Careful. Why call BeiYin an arrogant critic? You have missed the point; with your criticism of him and with your calls for "more consideration of the issue to study and develop the answers" and with "progress... can only be made," I assume, by starting another nonprofit and offering 20% of 'good cause' revenue to a professional fundraiser, 50% of 'good cause' revenue for overhead and supervision; and from the remaining 30%, one part goes into "I scratch your back, you scratch mine" inter-NGO activity, another part for meetings and seminars, and if lucky, after grand travel (Rio+20 in June for example), a nickel on every dollar is well-spent. I simply suggest careful rephrasing of your critique to eliminate the "fundamental error of attribution." Thus, a careful examination of the situation and context will refocus on an arrogant critique (I agree); not necessarily an arrogant person.
Your call for study, inefficiency, and obfuscation; the "call for," not you seems typical to me of a statist and collectivist evasion of personal responsibility. The controllers of the contrived two-party syndicate just love it when personal responsibility is diminished. Their left-handed flute player has millions of followers listening to the sweet music and picking up crumbs along the way.
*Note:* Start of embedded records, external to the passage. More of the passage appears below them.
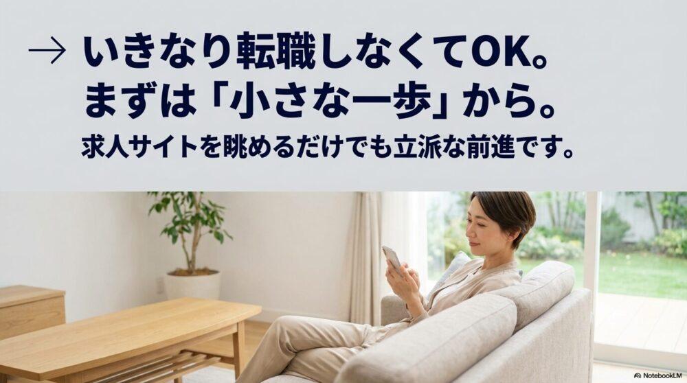 - まずは情報を集めて小さく行動することが、転職の不安を減らすいちばんの近道。
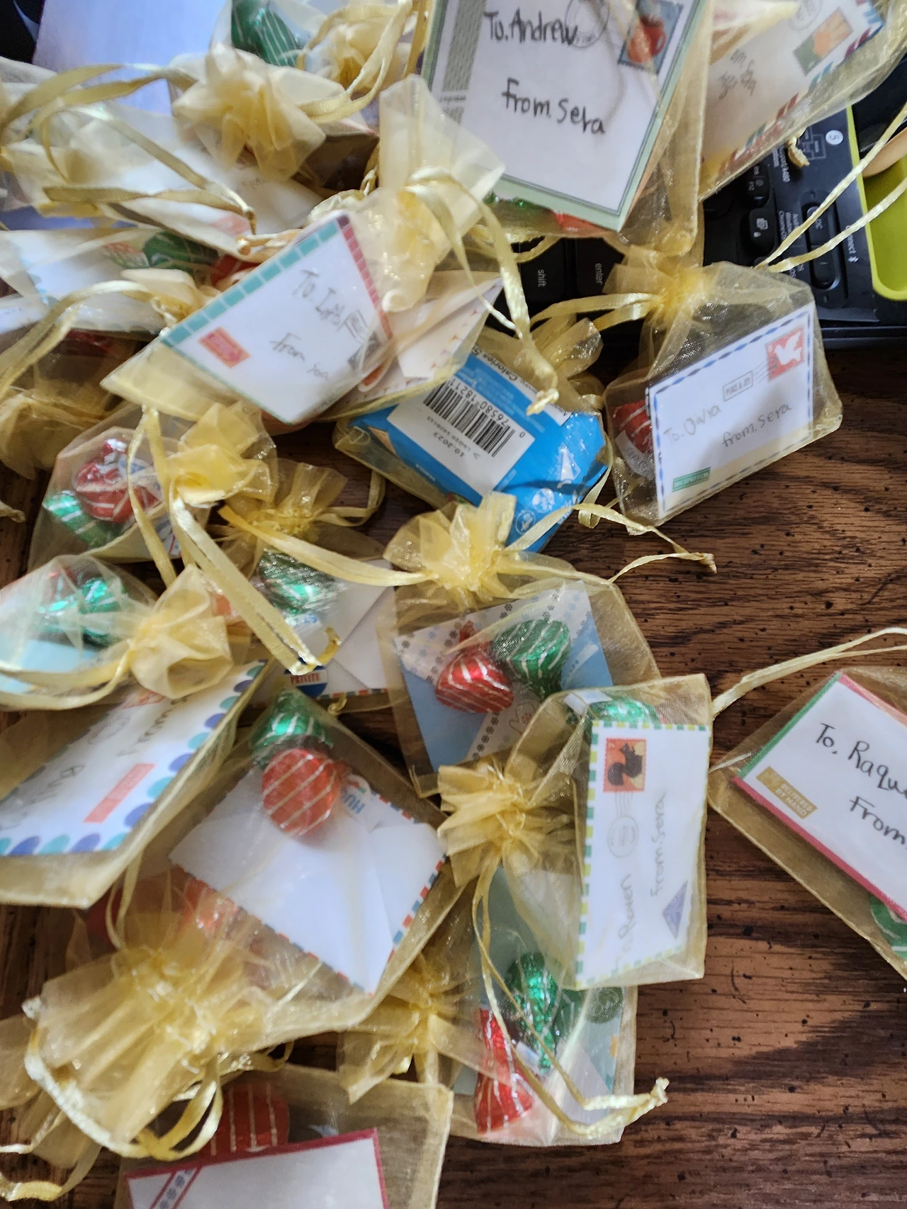 막둥이는 pre.k라 그런지 음식은 안된다는 공지가왔다.아이들 이름 마다 카드를 쓰고 그 안에 작은 선물을 담았다.
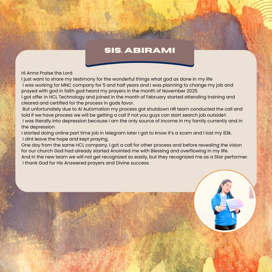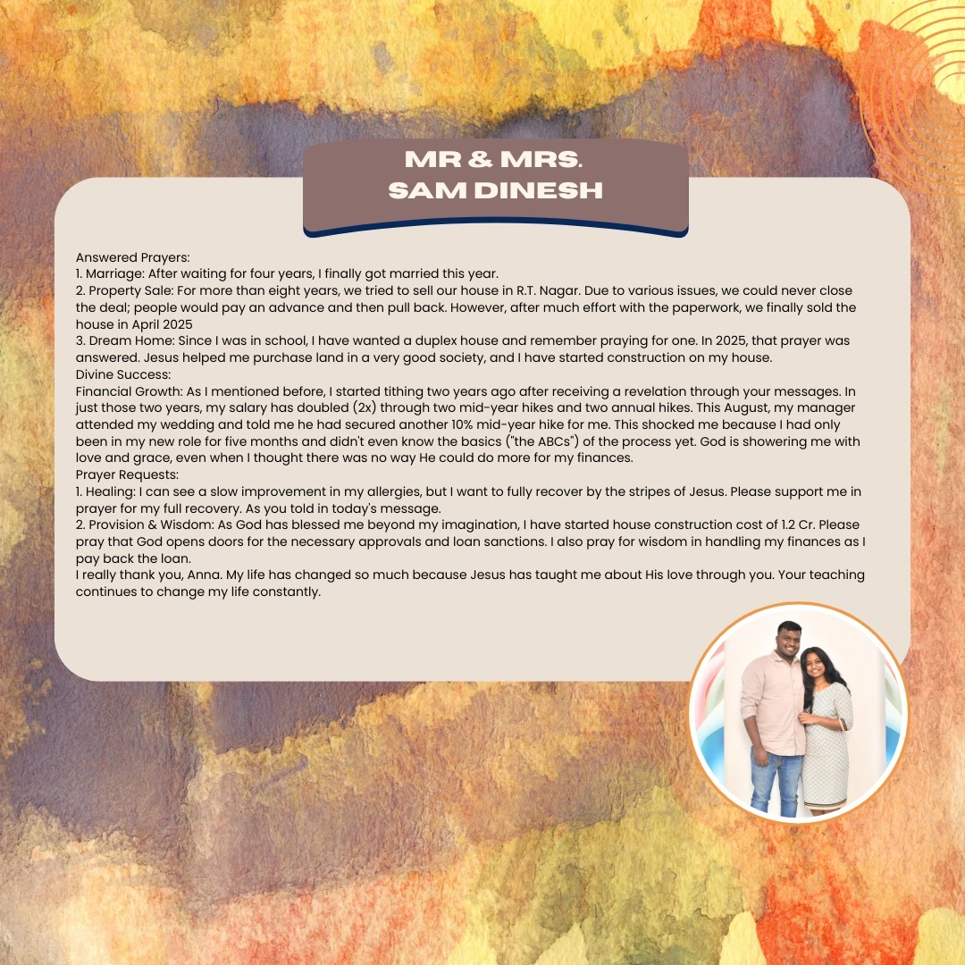 Pastor Gracewin, who taught us that through the blood of Jesus we are cleansed and the Holy Spirit’s anointing rests upon...

The reverse side has a reverse side, as the Japanese proverb goes, so the same tactics are being used with "patriotism is the last refuge of a scoundrel" regularity to exert control over your opposite number.
Where am I going with this? The nonpartisan "Real American Ethics: Taking Responsibility for Our Country" is a good book for anyone who has had it with our Neopatrimonial Government and would like proof positive in their lifetimes that we're again a functioning republic.
On Oct 8, 2012 Maya wrote:
Thank you. This touches me deeply. Thank you.